----- Data shown

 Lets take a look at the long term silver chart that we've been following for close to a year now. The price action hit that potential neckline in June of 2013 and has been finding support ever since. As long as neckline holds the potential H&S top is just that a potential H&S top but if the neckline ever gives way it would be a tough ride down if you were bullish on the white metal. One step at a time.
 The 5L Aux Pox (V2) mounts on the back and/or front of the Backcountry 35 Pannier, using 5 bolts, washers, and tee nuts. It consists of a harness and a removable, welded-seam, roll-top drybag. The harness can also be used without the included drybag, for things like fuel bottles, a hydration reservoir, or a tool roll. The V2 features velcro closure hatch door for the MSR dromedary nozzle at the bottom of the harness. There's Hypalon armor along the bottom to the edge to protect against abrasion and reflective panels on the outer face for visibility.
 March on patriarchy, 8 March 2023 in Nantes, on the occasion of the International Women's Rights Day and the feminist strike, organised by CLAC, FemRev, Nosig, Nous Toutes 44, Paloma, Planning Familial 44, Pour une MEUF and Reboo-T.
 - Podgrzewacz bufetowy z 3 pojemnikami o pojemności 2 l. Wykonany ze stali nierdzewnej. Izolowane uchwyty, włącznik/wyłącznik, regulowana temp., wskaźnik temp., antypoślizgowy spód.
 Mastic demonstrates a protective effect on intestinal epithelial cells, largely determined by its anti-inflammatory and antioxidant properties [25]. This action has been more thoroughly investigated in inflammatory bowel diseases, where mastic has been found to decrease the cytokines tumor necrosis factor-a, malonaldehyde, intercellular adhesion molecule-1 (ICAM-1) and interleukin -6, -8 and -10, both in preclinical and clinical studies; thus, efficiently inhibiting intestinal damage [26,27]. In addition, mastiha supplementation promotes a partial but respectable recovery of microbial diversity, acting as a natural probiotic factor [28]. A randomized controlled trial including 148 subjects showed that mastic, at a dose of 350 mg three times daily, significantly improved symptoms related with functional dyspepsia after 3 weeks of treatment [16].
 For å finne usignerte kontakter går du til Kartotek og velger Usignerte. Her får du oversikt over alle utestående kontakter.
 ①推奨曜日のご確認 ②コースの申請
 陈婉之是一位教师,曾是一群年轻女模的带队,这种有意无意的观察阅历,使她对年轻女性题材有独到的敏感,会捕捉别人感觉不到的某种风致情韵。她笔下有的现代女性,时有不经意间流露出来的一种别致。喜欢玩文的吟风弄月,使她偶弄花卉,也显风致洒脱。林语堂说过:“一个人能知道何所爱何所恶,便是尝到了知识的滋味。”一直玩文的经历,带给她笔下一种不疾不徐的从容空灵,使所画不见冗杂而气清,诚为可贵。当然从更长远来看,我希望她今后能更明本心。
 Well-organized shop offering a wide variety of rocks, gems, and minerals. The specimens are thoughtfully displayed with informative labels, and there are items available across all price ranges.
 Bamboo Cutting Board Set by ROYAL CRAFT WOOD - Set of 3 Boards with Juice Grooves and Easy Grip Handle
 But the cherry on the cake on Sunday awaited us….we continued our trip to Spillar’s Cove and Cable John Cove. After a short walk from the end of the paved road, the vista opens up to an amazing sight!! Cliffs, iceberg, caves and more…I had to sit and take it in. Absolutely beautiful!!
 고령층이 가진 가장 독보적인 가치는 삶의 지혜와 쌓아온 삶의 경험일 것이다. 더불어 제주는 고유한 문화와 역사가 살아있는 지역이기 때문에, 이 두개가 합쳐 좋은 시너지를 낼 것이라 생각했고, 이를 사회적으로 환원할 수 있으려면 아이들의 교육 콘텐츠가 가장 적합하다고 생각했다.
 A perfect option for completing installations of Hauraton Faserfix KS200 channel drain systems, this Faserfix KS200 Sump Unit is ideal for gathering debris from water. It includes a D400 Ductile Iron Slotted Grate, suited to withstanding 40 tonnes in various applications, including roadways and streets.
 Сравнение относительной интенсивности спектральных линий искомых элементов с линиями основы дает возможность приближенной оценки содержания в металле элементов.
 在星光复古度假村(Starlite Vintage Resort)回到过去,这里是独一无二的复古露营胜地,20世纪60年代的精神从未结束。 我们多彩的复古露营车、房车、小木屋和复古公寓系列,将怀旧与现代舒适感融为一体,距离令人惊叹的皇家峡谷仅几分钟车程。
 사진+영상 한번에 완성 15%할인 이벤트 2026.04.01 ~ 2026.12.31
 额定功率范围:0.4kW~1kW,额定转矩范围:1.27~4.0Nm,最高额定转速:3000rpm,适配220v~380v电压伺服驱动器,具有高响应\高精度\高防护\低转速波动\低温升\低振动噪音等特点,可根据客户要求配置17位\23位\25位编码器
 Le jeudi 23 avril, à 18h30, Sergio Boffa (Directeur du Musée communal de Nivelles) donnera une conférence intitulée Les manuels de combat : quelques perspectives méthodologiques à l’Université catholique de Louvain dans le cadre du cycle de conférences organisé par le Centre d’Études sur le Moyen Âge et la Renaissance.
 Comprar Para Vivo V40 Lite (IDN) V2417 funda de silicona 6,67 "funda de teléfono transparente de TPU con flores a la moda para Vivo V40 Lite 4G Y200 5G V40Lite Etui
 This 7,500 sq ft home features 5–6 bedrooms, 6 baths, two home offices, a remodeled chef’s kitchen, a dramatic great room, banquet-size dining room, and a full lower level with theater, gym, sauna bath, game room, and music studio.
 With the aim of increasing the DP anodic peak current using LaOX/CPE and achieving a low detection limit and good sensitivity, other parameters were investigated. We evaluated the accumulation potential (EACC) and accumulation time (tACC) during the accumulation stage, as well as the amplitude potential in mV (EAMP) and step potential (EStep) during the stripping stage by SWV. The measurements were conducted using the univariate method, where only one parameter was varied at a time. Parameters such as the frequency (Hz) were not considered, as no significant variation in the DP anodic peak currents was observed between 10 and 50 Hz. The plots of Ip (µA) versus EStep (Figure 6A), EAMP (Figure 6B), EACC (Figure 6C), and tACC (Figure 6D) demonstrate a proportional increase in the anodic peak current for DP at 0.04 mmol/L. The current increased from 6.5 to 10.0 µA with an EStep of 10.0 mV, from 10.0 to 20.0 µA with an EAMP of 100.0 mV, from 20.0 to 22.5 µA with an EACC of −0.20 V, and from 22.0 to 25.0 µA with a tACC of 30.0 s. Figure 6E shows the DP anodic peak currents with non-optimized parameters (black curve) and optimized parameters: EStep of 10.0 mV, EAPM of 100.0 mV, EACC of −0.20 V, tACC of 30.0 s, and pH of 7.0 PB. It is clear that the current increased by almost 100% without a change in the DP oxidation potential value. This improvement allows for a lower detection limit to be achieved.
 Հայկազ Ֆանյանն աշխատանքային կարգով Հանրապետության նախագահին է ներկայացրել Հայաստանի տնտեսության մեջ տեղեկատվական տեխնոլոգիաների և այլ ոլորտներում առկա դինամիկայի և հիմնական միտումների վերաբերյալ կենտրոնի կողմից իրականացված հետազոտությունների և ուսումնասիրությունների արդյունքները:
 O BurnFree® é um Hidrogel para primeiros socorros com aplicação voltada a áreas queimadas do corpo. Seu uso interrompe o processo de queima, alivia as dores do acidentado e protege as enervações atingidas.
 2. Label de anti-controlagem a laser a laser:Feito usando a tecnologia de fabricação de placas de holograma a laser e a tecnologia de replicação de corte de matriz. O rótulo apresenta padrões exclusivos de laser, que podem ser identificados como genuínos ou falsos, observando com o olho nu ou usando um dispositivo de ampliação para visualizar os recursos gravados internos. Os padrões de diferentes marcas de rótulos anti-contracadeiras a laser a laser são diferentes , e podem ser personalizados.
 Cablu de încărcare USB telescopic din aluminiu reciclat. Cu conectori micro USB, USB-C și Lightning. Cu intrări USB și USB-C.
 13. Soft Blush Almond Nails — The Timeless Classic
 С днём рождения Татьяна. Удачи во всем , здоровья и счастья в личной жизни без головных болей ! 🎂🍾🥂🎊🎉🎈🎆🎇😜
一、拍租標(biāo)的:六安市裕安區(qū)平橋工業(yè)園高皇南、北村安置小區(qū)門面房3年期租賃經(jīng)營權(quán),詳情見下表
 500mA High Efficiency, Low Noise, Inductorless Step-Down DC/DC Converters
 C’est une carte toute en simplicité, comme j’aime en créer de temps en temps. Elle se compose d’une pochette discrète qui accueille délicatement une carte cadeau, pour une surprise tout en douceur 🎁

----------

- Try it: Could you restate word for word the lines above from the one containing "Well-organized shop offering" through the one containing "Bamboo Cutting Board", both included, and nothing else?

- Completed task:
 Well-organized shop offering a wide variety of rocks, gems, and minerals. The specimens are thoughtfully displayed with informative labels, and there are items available across all price ranges.
 Bamboo Cutting Board Set by ROYAL CRAFT WOOD - Set of 3 Boards with Juice Grooves and Easy Grip Handle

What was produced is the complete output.